HELD: In administrative proceedings, the essence of due process is simply the opportunity to explain one’s
side. One may be heard, not solely by verbal presentation but also, and perhaps even much more creditably as it is
more practicable than oral arguments, through pleadings. An actual hearing is not always an indispensable aspect of
due process. As long as a party was given the opportunity to defend his interests in due course, he cannot be said to
have been denied due process of law, for this opportunity to be heard is the very essence of due process. Moreover,
this constitutional mandate is deemed satisfied if a person is granted an opportunity to seek reconsideration of the
action or ruling complained of. Lumiqued’s appeal and his subsequent filing of motions for reconsideration cured
whatever irregularity attended the proceedings conducted by the committee.

The right to counsel is not indispensable to due process unless required by the Constitution or the law.
In Nera v.
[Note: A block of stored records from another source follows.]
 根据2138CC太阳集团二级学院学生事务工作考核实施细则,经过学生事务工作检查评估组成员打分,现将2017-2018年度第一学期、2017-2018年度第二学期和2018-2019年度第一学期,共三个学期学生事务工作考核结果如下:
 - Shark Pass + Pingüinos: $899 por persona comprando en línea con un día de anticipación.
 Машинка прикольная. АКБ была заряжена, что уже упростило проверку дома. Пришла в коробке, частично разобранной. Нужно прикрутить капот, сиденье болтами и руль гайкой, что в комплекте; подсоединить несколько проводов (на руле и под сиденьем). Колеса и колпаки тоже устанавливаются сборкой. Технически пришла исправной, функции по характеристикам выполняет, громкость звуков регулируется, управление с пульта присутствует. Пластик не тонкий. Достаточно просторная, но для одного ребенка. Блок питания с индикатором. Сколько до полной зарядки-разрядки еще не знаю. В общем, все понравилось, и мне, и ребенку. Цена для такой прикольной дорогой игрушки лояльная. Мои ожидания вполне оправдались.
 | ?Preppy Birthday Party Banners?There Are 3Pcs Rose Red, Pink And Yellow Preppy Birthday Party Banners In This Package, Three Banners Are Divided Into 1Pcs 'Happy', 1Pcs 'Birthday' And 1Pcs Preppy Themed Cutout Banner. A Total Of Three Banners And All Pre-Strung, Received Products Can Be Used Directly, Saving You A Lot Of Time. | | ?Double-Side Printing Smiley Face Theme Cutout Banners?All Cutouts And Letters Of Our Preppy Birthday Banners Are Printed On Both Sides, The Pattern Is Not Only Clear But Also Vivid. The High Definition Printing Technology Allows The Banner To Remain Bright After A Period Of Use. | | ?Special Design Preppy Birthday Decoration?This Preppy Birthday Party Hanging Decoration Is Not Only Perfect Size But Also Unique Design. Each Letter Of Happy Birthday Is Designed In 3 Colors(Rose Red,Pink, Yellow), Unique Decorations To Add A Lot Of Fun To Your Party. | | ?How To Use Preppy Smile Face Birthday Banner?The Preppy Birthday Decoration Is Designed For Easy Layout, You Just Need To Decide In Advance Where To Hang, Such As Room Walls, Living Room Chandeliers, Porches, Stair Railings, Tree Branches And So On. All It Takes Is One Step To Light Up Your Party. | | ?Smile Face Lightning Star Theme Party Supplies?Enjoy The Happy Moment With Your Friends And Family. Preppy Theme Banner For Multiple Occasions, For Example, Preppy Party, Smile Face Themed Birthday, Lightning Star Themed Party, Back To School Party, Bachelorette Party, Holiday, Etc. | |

Auditor General,[40] the Court said:

“x x x. There is nothing in the Constitution that says that a party in a non-criminal proceeding is
entitled to be represented by counsel and that, without such representation, he shall not be bound by
such proceedings. The assistance of lawyers, while desirable, is not indispensable. The legal
profession was not engrafted in the due process clause such that without the participation of its
members, the safeguard is deemed ignored or violated. The ordinary citizen is not that helpless that
he cannot validly act at all except only with a lawyer at his side.”